1. A method of incorporating entity identifying information into an error detection field for a source word, comprising the steps of:

associating a particular error detection formula with an entity; and

computing an error detection field value by using said particular error detection formula operating on said source word, whereby said error detection field value includes error detection information and said entity identifying information as a result of computation using said particular error detection formula.

2. The method according to claim 1 further comprising the steps of:

determining whether data is associated with said entity by using said particular error detection formula operating on said source word to generate an error checking value; and

comparing said error checking value with said error detection field value.

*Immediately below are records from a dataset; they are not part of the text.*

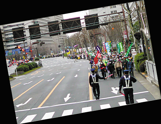 3月10日代表团抵达东京。路上,记者看到长长的游行队伍前往日本国会示威抗议,表达反对建设核电站的诉求,人们愤怒地高喊“反对重启核电站”。而隔天就是东日本大地震两周年,当时大地震引发的福岛核事故让日本民众至今心有余悸。据了解,当天约有1万人参与了游行。
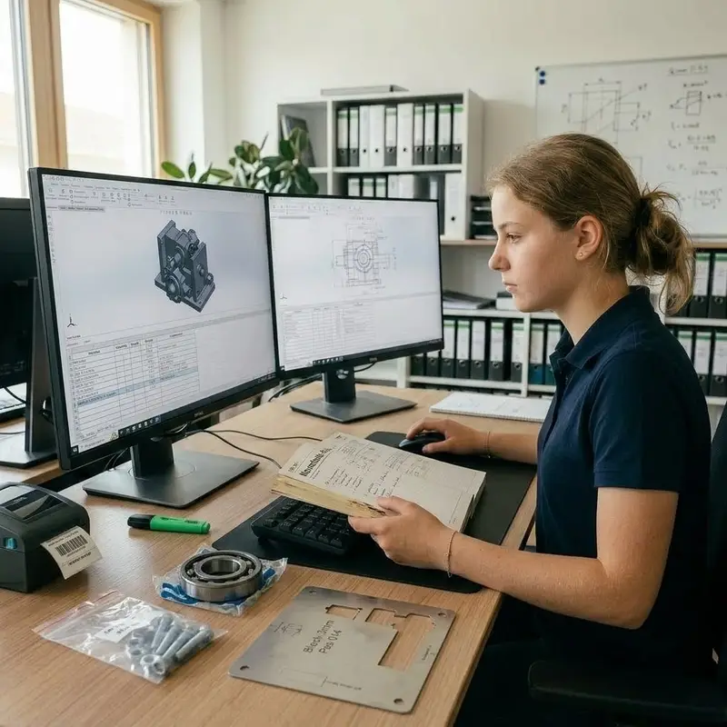 "description": "Du erstellst aus dem CAD-Modell eine Stückliste und legst Schrauben, Lager und Blechteile für die Produktion fest.",
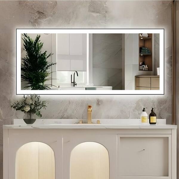Aura 72 in. W x 32 in. H Rectangular Frameless Anti-Fog Ceiling Wall Mount Bathroom Vanity Mirror in Silver

3. The method according to claim 1 further comprising the steps of:

associating an additional particular error detection formula with each of at least one additional entities; and

wherein said computing step uses said additional particular error detection formula to associate said data with a particular entity.

4. The method according to claim 3 further comprising the steps of identifying an entity to which data is associated by

using each of said additional particular error detection formula operating on source word fields of said code word to generate a set of error checking values;

applying each member of said set of error checking values to error detection fields of said code word to generate a set of potential entity identifying code words; and

comparing each of said potential entity identifying code words with said code word.

5. A method of incorporating entity identifying information into an error detection field for a source word, comprising the steps of:

associating an entity identifier with an entity;

computing an error detection field value by using an error detection formula operating on said source word and said entity identifier, whereby said error detection field value includes error detection information and entity identifier information.

6. The method according to claim 5 further comprising the steps of:

determining whether data is associated with said entity by using said error detection formula operating on said source word to generate an error checking value; and

comparing said error checking value with said error detection field value.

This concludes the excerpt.